Problem statement: Each line below from the "七是數字化發展治理取得明顯成效。" line through the "Отличный вариант для" line, those two included, must be restated word for word; the pictures must not be.
BEGIN Given records
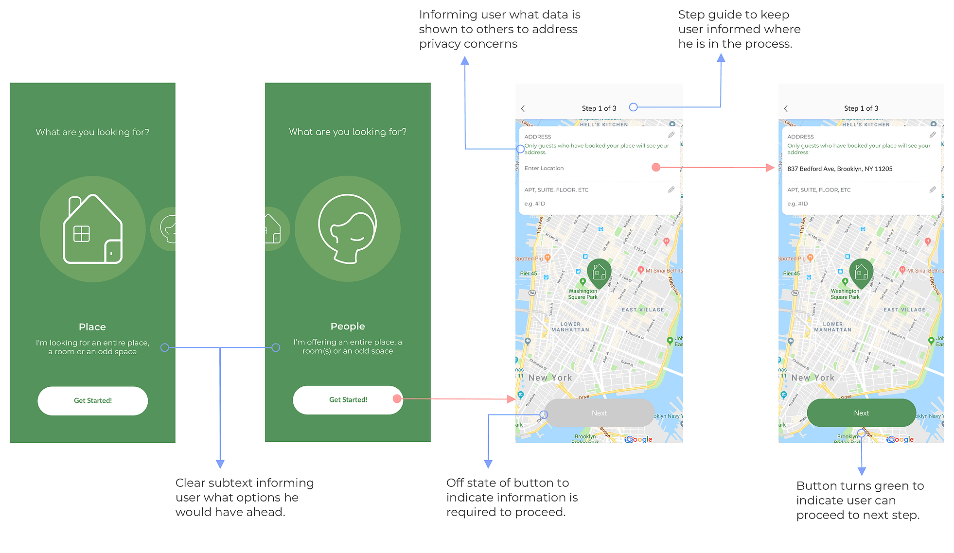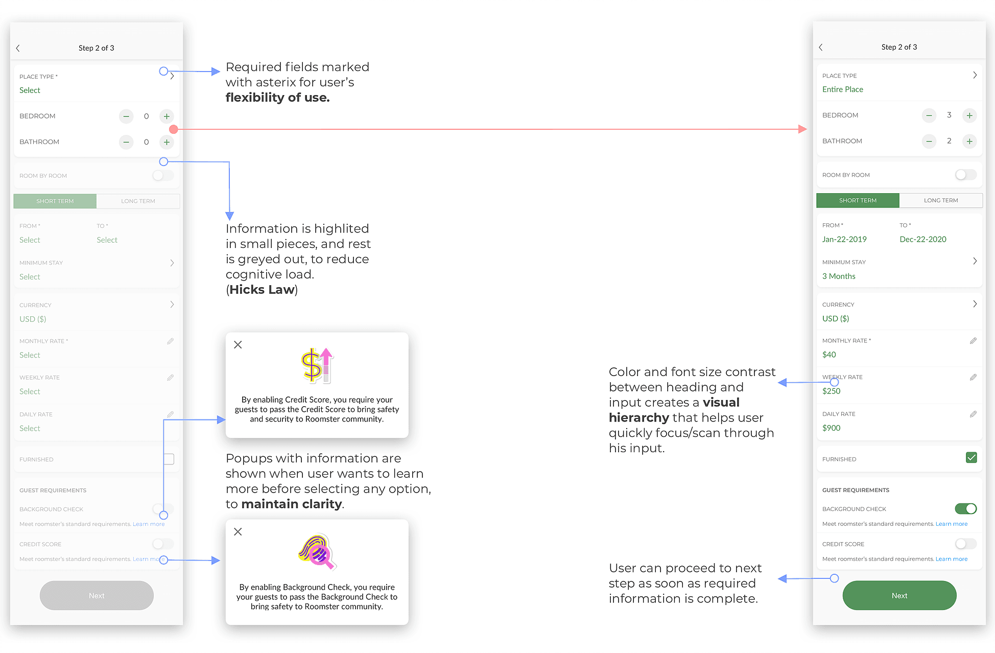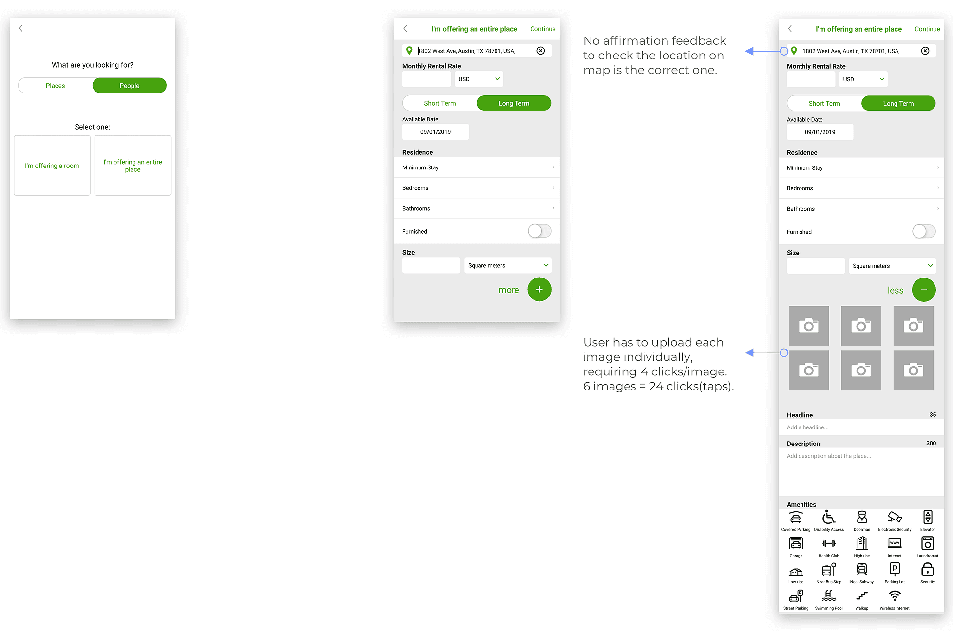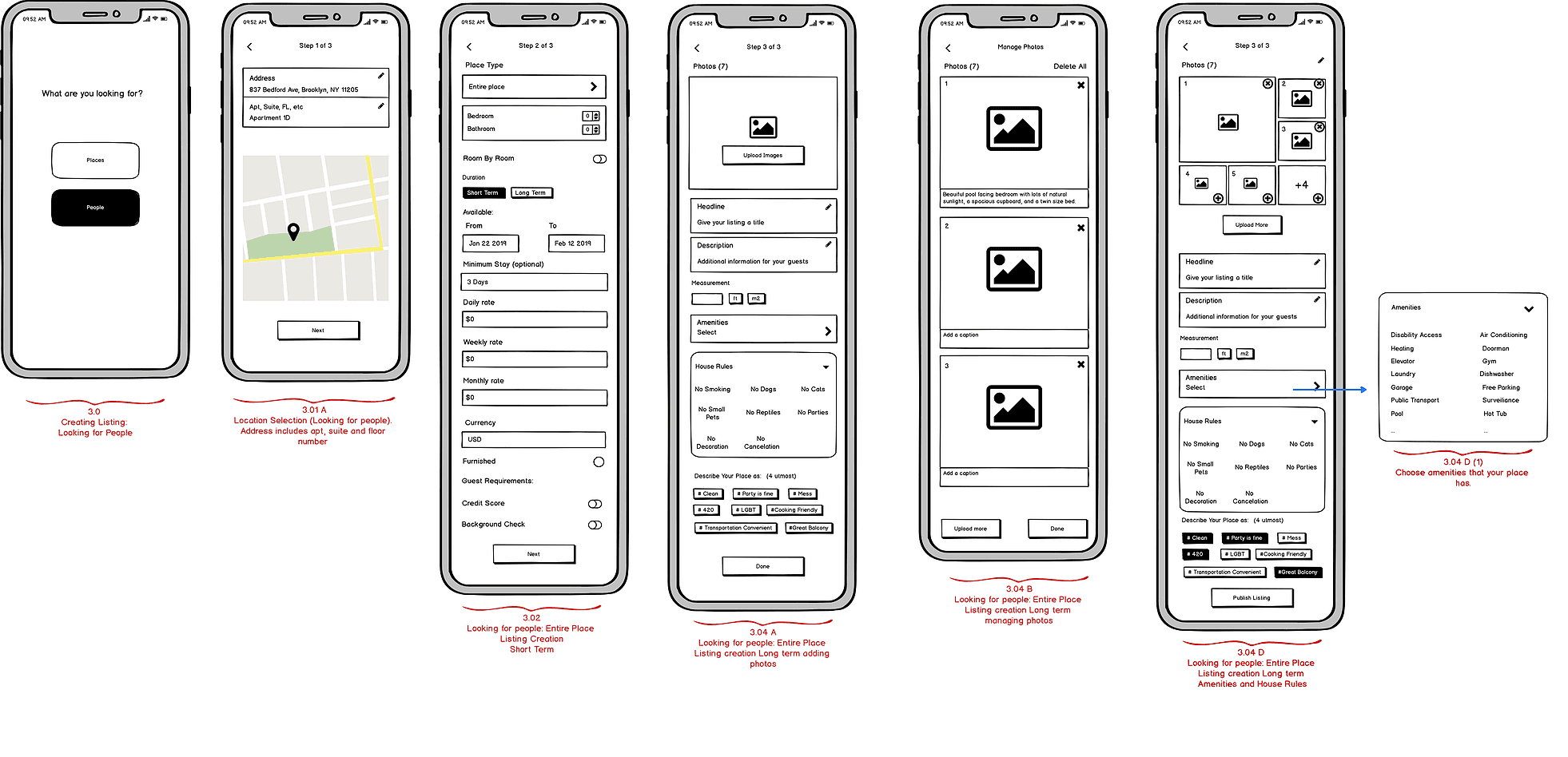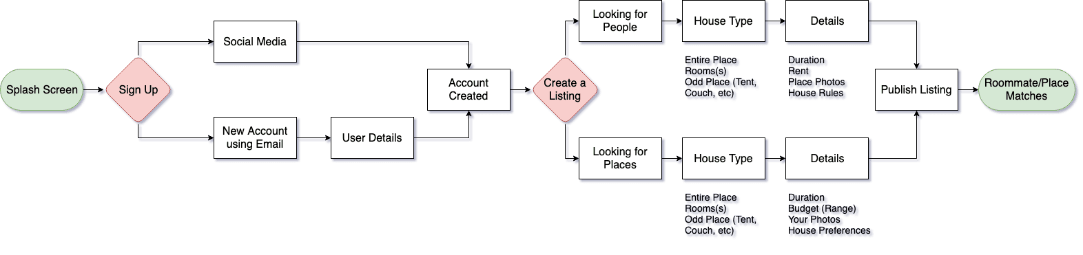 Roomster 2.0 flow was carefully researched, wireframed and tested. It was tested three times and printed for reference.
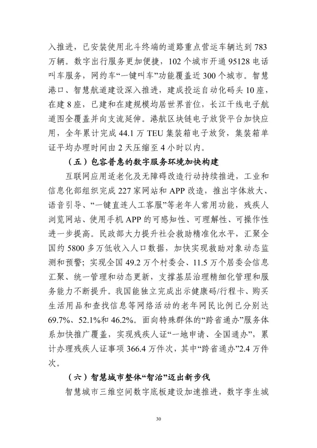 七是數字化發展治理取得明顯成效。
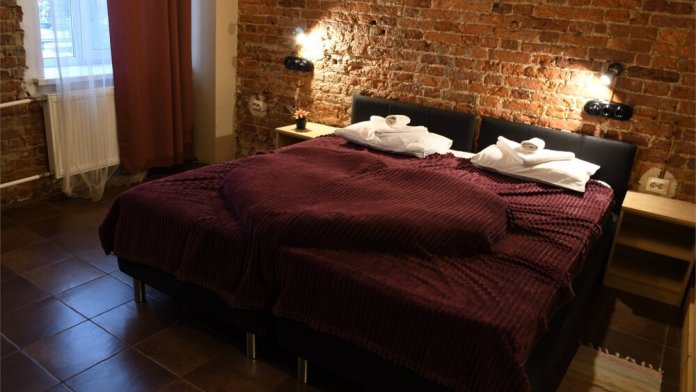 Отличный вариант для 2-х гостей. Можно выбрать формат кровати, который будет удобнее для Вас: одну большую двуспальную или же две односпальные раздельные. Помимо этого, в номере есть: шкаф, достаточное количество вешалок на каждого гостя, прикроватный столик, дистанционное включение света и белоснежное сатиновое белье. Номер с личным санузлом, где также предусмотрен фен.
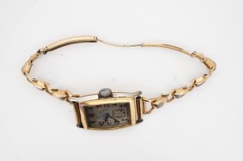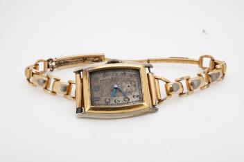 A 1930's Swiss 18ct gold manual wind wrist watch, with tonneau shaped case and Arabic dial with subsidiary seconds, on a gilt metal bracelet, (a.f.).
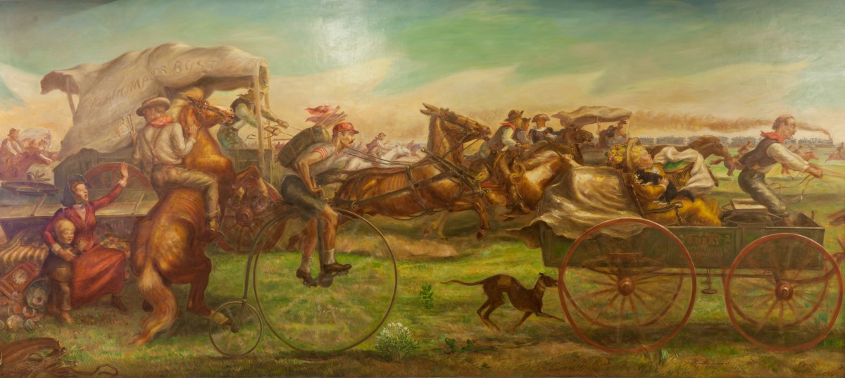 In a colossal cloud of red dust, the torrent of shouting riders and frightened horses, clattering buggies and bouncing, ponderous wagons, flowed over the boundary, fanning out across the new country…The rumbling of wagons and carts, and the yelling of the crowd, sounded to one rusher ‘like ten thousand head of cattle on a stampede.’
END Given records
Response area:
 七是數字化發展治理取得明顯成效。
 Отличный вариант для 2-х гостей. Можно выбрать формат кровати, который будет удобнее для Вас: одну большую двуспальную или же две односпальные раздельные. Помимо этого, в номере есть: шкаф, достаточное количество вешалок на каждого гостя, прикроватный столик, дистанционное включение света и белоснежное сатиновое белье. Номер с личным санузлом, где также предусмотрен фен.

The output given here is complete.